# Time is running out for disappointing Joe Alexander



## narek (Jul 29, 2005)

> Bucks general manager John Hammond faces an Oct. 31 deadline to decide whether to renew the first option year on forward Joe Alexander's contract. Alexander would be owed $2.76 million next season if the Bucks pick up the first of two option years on his rookie-scale contract.
> 
> Complicating the choice is the disappointing performance turned in by Alexander during his rookie year in 2008-'09 and the injuries that plagued him in training camp a year ago and again during the current preseason.
> 
> ...


http://www.jsonline.com/sports/bucks/64184047.html

I really don't see the team picking this up.


----------



## Bubbles (Nov 12, 2005)

I think they should, considering he was the eighth pick last year. It's only $2.76 million and I think at least he deserves this year and next year to prove himself.


----------



## King Joseus (May 26, 2003)

It's unsettling the way my name blends with the color of the Quick Reply and Currently Active Users... bits above and below me typing right now.

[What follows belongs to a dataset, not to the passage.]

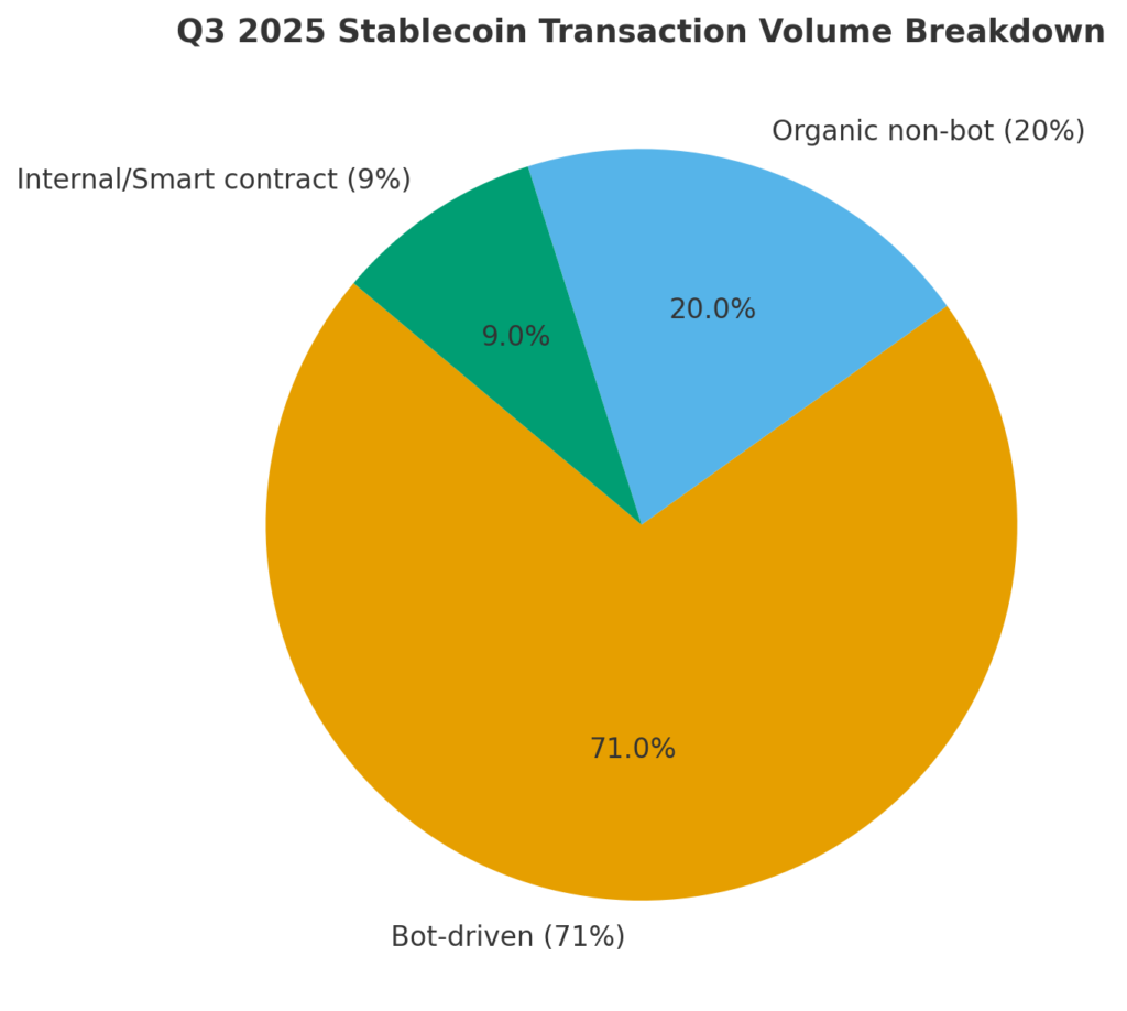 “Organic” non-bot transactions — those that more plausibly correspond to human users moving funds, remittances, payments, or exchanges — made up only about 20 % of total volume. The remaining 9 % is attributed to internal smart contract flows or exchange internal operations.

No real comment on Joe Alexander.


----------



## Tom (Jul 15, 2002)

The guy has zero basketball intelligence. Don't know if all the teaching in the world can help. I'd still take the chance.


----------



## roux (Jun 20, 2006)

he has no future


----------



## roux (Jun 20, 2006)

Alexander played 0 miutes in the last preseason game... that should speak volumes


----------



## roux (Jun 20, 2006)

11 days and counting Joe


----------



## c_dog (Sep 15, 2002)

he had a strong summer league and at the end of the day he's still pretty athletic and can shoot. it's basically just injuries that's stopping him. there's a lot of minutes to be had at sf if he's remotely healthy.


----------



## narek (Jul 29, 2005)

And now he's going to be out 8 to 12 weeks.

http://www.jsonline.com/blogs/sports/65584457.html


----------



## roux (Jun 20, 2006)

narek said:


> And now he's going to be out 8 to 12 weeks.
> 
> http://www.jsonline.com/blogs/sports/65584457.html


Yeah... he's done


----------



## Bubbles (Nov 12, 2005)

narek said:


> And now he's going to be out 8 to 12 weeks.
> 
> http://www.jsonline.com/blogs/sports/65584457.html


****


----------



## HKF (Dec 10, 2002)

Damn, I was wrong on this dude. They should have sent him to the D-league last year to see what he could do. His career with Milwaukee is over.


----------



## HB (May 1, 2004)

So is he a bust? 

Well



> Bucks will make Joe Alexander highest draft pick ever to have rookie option declined and will allow him to be UFA in summer, sources tell Y!


----------



## roux (Jun 20, 2006)

yeah, he is done, my hopes for him were never really higher than being a solid rotational player, I wont be sad to see him leave


----------



## Bubbles (Nov 12, 2005)

D. J. Augustin, Brook Lopez, Anthony Randolph, Ryan Anderson, and Courtney Lee.

Yeah, I wouldn't mind having Randolph right now instead.


----------